The envelope approximately contains all possible solutions to the functions across the domain. The approximation improves as the number of sample points across the domain increases.
In the sample code, this is accomplished by treating neighboring points in the 3D arrays as topological cubes. Each of the faces of the cubes are extracted as polygons projections. The envelope is cumulatively constructed by taking the Boolean union of the polygons with the envelope.
In the below example (from a study I did last year), the white envelope represents the complete torque/rpm envelope required to turn a fixed pitch propeller through a wide range of throttle setting (also rpm), altitude, and airspeed. The peak represents sea-level, static, full-throttle operation. The curve back to the origin corresponds to decreasing throttle at sea-level static conditions. The jagged bottom is caused by NaN's returned by the propeller model along its stall boundary.
Similarly (though created from 2D arrays), the grey envelope represents the complete torque/rpm envelope for that propeller with the throttle adjusted to achieve equilibrium (Thrust=Drag) flight for an assumed aircraft (across all possible airspeeds and altitudes where T=D can be achieved for this aircraft/prop pair). In this case, the curved left boundary of the envelope is formed by an airspeed sweep at low altitude. As airspeed increases, the torque decreases and then increases while the speed increases monotonically.
These envelopes may be used to consider the size and performance of a motor or engine to turn the prop.
The most likely way to speed this up would be to find a way to vectorize the call to polybool to combine more than one poly at a time.
The documentation says you can pass a nan-delimited list (or cell array) of polys, but I'm not entirely sure of the semantics of (A U B) when A or B itself a list of polys.
How to group the input polys is also a question -- all at once, one cube's worth at a time, a strip through the data, a slice, etc?
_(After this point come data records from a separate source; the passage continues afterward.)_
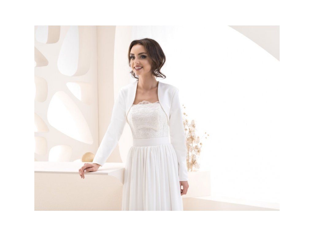 Saténové bolerko s dlouhým rukávem.Střih rukávu se mírně rozšiřuje do zvonku.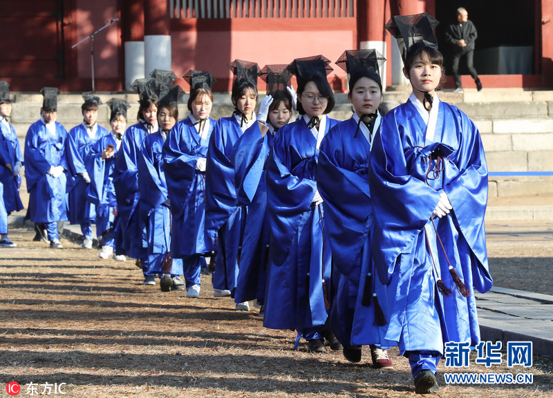 当地时间2017年2月27日,韩国首尔,成均馆大学举行新生入学仪式。(图片来源:东方IC)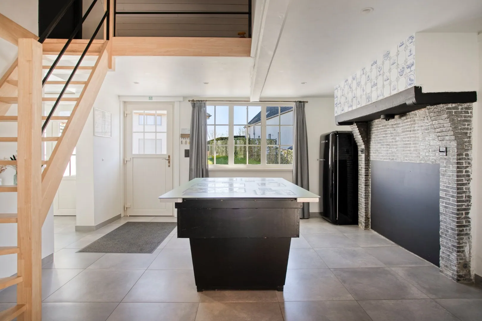 Bij het betreden van de woning kom je in de eerste ruime leefruimte met multifunctionele plaats die momenteel dienst doet als pooltafel-ruimte. Deze ruimte sluit naadloos aan, aan de gezellige eetplaats en de open, volledig ingerichte keuken. Dankzij de grote raampartijen geniet je hier van veel natuurlijk daglicht en een mooi zicht op de tuin. Naast de leefruimte hebben we de tweede enorm grote doch gezellige zithoek, met open haard.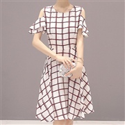 圓領肩部鏤空荷葉袖格子印花短袖連身裙 [連身裙]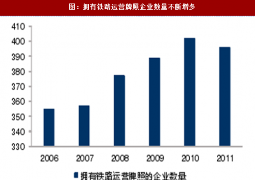 此外铁路民营化允许私人资本注入该行业,从而增加竞争性。据统计,2010年底,拥有铁路运营牌照的企业达到402家,真正活跃在铁路运营市场的约有250家。其中有100家左右提供短途运输服务,超过10家提供长途运输服务,大致140家提供铁路货运服务或其他运输服务。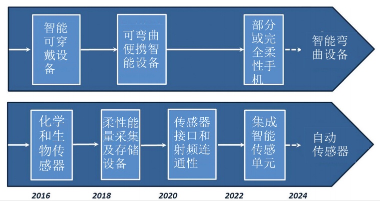 2015年欧盟石墨烯旗舰计划石墨烯技术路线图预测了未来10年石墨烯在电子信息应用的发展。在新技术的推动下,未来10年,电子信息的发展方向将是柔性智能电子产品。同时,柔性电子也将与柔性智能传感相结合,从而最终发展成为柔性智能电子产品,具体时间参照图4。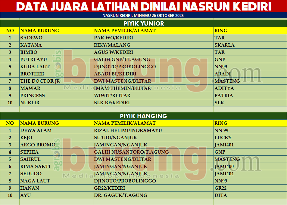 Sementara itu hasil pertarungan sengit di lap. Nasrun Kediri dimasing masing kelas menampilkan di kelas piyik yunior jawara Sadewo bergelang TAR milik Pak WO asal Kediri benar benar mampu mengoptimalkan petarungan terbaiknya dengan lawan lawannya untuk merebut podium pertama dengan kemenangan istimewa. Dan menyusul Jawara Katana bergelang Starla dan jawara Bimbo yang juga bergelang TAR menempati podium kedua dan ketiga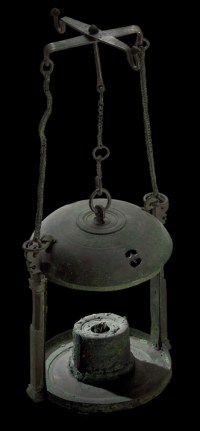 Lumina survive from the eruption; most elaborate is the bronze lantern from Oplontis (right). As the British Museum exhibition notes: “The lanterns they carried were fuelled by olive oil stored in the cylindrical reservoir at the base, and originally had shades made of thin sheets of animal horn” (parchment shades were also possible). Small holes in the lantern hood would have allowed smoke to exit and provided oxygen to the flame. See Pompeii in Pictures II.4.8 for a location where two such bronze lanterns were recovered along the Via dell’Abbondanza. There is a definitive study of bronze lamps from Pompeii and Herculaneum, though most lamps were made of terracotta.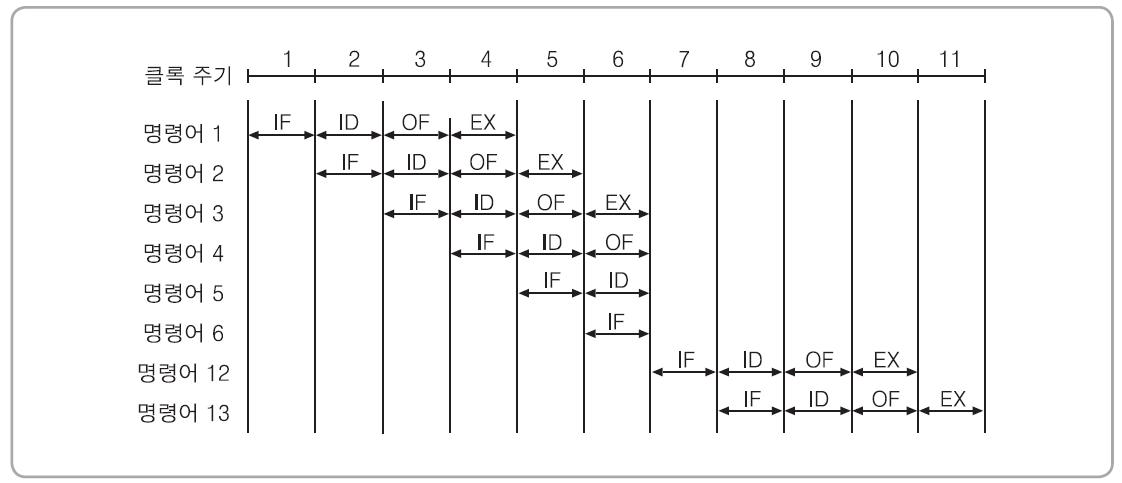 - 각 명령어의 실행에 걸리는 시간은 모두 두 주기씩이지만, 파이프라이닝의 특성에 의해 두 번째 명령어부터는 한 주기만에 실행이 완료되는 것과 같은 효과를 얻을 수 있다.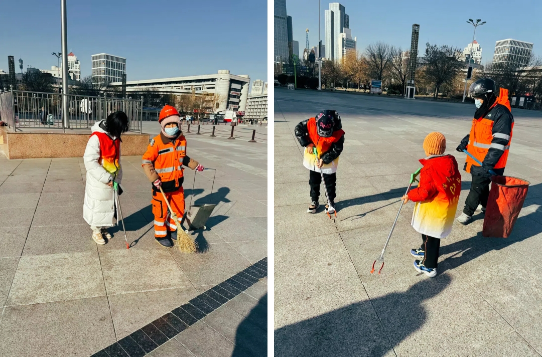 活动现场,志愿者们热情高涨,有序参与环境清洁工作。一位身着白色外套的志愿者女孩,手持清扫工具,专注清扫地面,不放过任何角落;与之配合的洁亚环保员工头戴橙色安全帽,右手紧握垃圾夹子,仔细捡拾杂物,二者默契协作,成为广场上一道亮丽风景线。令人惊喜的是,志愿者队伍中有两个 6、7 岁的孩子,他们认真地用垃圾捡拾器清理地面垃圾,专注的神情彰显着志愿服务精神的传承。洁亚环保员工则拿着红色垃圾袋,协助收纳垃圾,共同维护公共空间的清洁。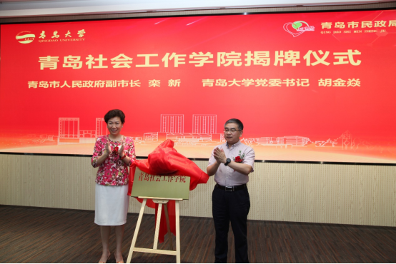 致辞结束后,栾新副市长、胡金焱书记共同为青岛社会工作公司揭牌。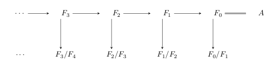 But, it is rarely the case that objects are given to us in one-step constructions! It is commonly the case that we have a whole filtration: a sequence of subobjects , each one stacked in the next, like so: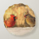 Hier is een ronde kussen met de heer en mevrouw Northern Cardinaal. Het is een herfst met glorieuze bladeren op de achtergrond, maar de eerste sneeuw is gevallen om ons een voorproefje van de winter te geven. Hij is een briljante rode kleur. Ze is oranje, goud en bruin. Beide hebben korsten en oranje snavels. Ze zijn echt de royalty van hobbyvogels met hun kenmerkende lied en mooie kleuren.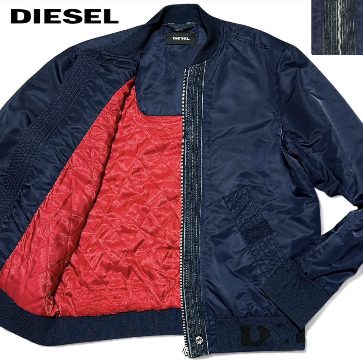 > 極美品/XL相当● ディーゼル デニム切替 フライトジャケット MA-1ブルゾン 裏地キルティング 中綿高級感◎ 紺 赤 メンズ DIESEL
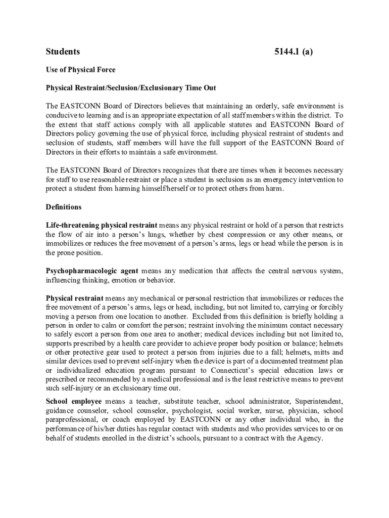 Get the free PHYSICAL RESTRAINT OF STUDENTS WITH DISABILITIES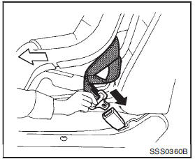 4. Pull the shoulder belt until the belt is fully extended. At this time, the seat belt retractor is in the Automatic Locking Retractor (ALR) mode (child restraint mode). It reverts to Emergency Locking Retractor (ELR) mode when the seat belt is fully retracted.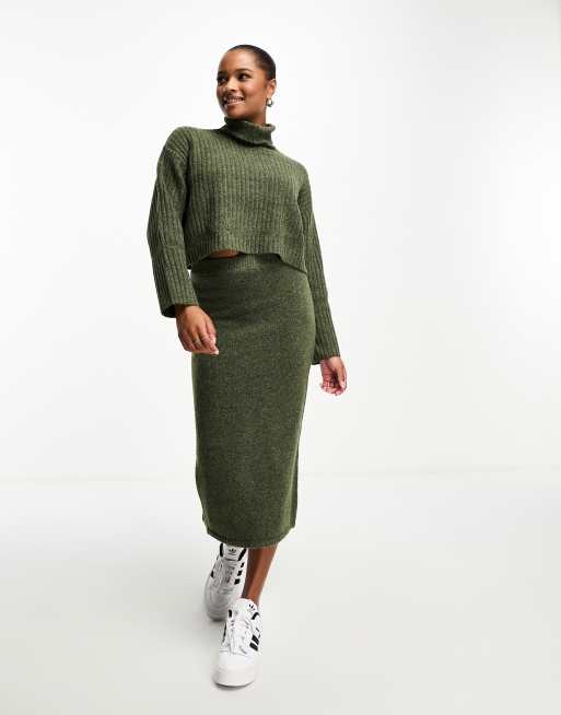 ASOS DESIGN Petite co ord knitted chunky rib midi skirt in khaki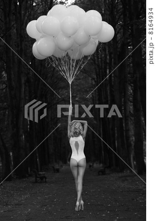 Melancholy. Lonely Woman with Balloons in Dark and Gloomy Forest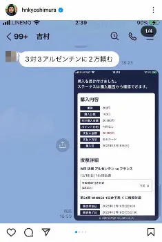 吉村は18日に行われたアルゼンチン対フランス戦の結果を予想。「3対3」に2万円を投じた。試合は3ー3でPK戦の結果アルゼンチンが4ー2で勝利を収めたものの、「WINNER」は90分終了時の結果(2―2)を予想するため、外れの結果に。

I currently add all six faces of each cube -- so I end up adding every interior face twice. Slightly more clever looping would get about 2x speedup.
More exotically, perhaps a re-entrant version of polybool that keeps the envelope in memory as polygons are added. Perhaps a spatial data structure to pre-check the polys before the call to polybool.
I was tempted to approach this by focusing on the boundaries of the domain, but there are cases (like the bottom edge of the grey envelope) where the envelope is formed by the interior of the domain.
Rob McDonald
Rob McDonald on 22 Feb 2015
Here is an updated version that avoids duplicate checks on interior faces. As expected, this achieves about a 2x speedup on a large problem.
Passing a list of polys doesn't automatically self-union the list, so any approach using lists would have to make sure they overlap. A sequence of i-strips then j-strips then k-strips may work.
However, figuring out when/how to start/stop each strip if NaN is encountered in the data is not obvious.